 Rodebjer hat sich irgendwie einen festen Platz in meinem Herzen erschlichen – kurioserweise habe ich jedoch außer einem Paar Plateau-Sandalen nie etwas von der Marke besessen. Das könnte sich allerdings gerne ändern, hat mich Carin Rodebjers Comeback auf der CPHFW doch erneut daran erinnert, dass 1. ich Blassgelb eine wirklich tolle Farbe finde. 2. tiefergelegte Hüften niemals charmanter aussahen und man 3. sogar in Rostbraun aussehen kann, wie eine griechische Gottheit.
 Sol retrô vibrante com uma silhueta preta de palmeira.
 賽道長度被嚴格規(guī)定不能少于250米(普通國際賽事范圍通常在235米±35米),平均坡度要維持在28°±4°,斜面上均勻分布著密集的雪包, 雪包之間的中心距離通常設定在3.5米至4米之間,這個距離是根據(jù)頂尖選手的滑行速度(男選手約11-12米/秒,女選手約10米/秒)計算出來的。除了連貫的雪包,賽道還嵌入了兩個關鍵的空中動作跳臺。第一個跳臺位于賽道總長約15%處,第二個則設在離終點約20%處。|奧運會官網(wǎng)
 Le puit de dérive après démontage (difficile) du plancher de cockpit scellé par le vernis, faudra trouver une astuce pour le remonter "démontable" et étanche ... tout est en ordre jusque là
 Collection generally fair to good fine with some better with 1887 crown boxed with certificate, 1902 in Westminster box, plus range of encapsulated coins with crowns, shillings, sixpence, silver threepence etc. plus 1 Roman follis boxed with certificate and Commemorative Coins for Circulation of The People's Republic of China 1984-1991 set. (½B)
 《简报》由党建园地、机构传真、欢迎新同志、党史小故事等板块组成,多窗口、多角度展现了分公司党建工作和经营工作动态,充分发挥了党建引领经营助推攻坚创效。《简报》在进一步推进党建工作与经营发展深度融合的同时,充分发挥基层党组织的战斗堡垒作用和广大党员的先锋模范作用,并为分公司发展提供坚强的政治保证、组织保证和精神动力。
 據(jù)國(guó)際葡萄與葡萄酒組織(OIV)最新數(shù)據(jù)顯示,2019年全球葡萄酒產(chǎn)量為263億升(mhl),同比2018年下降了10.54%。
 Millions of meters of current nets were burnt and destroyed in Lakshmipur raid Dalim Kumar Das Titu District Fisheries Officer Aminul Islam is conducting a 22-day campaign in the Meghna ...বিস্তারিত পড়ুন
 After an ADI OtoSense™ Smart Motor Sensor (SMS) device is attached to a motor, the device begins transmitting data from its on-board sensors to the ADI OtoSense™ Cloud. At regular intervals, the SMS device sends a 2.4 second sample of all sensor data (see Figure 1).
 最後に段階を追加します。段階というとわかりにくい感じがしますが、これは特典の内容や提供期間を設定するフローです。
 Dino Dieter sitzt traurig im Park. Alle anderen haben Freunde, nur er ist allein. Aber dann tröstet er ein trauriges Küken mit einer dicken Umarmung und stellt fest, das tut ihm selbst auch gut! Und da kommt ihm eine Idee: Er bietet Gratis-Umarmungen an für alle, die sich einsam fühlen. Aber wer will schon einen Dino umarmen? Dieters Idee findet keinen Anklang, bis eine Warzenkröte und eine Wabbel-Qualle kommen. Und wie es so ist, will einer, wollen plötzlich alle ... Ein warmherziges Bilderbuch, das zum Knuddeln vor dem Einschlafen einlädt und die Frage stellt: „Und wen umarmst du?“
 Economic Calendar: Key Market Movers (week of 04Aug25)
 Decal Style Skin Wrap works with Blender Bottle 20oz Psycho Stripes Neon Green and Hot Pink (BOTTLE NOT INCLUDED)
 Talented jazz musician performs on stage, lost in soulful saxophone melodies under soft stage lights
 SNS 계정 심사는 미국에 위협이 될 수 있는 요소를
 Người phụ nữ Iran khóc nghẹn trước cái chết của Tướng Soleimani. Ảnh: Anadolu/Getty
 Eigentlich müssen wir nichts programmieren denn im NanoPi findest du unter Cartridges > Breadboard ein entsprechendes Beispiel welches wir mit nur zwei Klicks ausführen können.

* * *

◆ Problem to solve
From the listing above, output exactly the run of lines that starts with the line containing "賽道長度被嚴格規(guī)定" and ends with the line containing "Le puit de dérive".

◆ Your response
 賽道長度被嚴格規(guī)定不能少于250米(普通國際賽事范圍通常在235米±35米),平均坡度要維持在28°±4°,斜面上均勻分布著密集的雪包, 雪包之間的中心距離通常設定在3.5米至4米之間,這個距離是根據(jù)頂尖選手的滑行速度(男選手約11-12米/秒,女選手約10米/秒)計算出來的。除了連貫的雪包,賽道還嵌入了兩個關鍵的空中動作跳臺。第一個跳臺位于賽道總長約15%處,第二個則設在離終點約20%處。|奧運會官網(wǎng)
 Le puit de dérive après démontage (difficile) du plancher de cockpit scellé par le vernis, faudra trouver une astuce pour le remonter "démontable" et étanche ... tout est en ordre jusque là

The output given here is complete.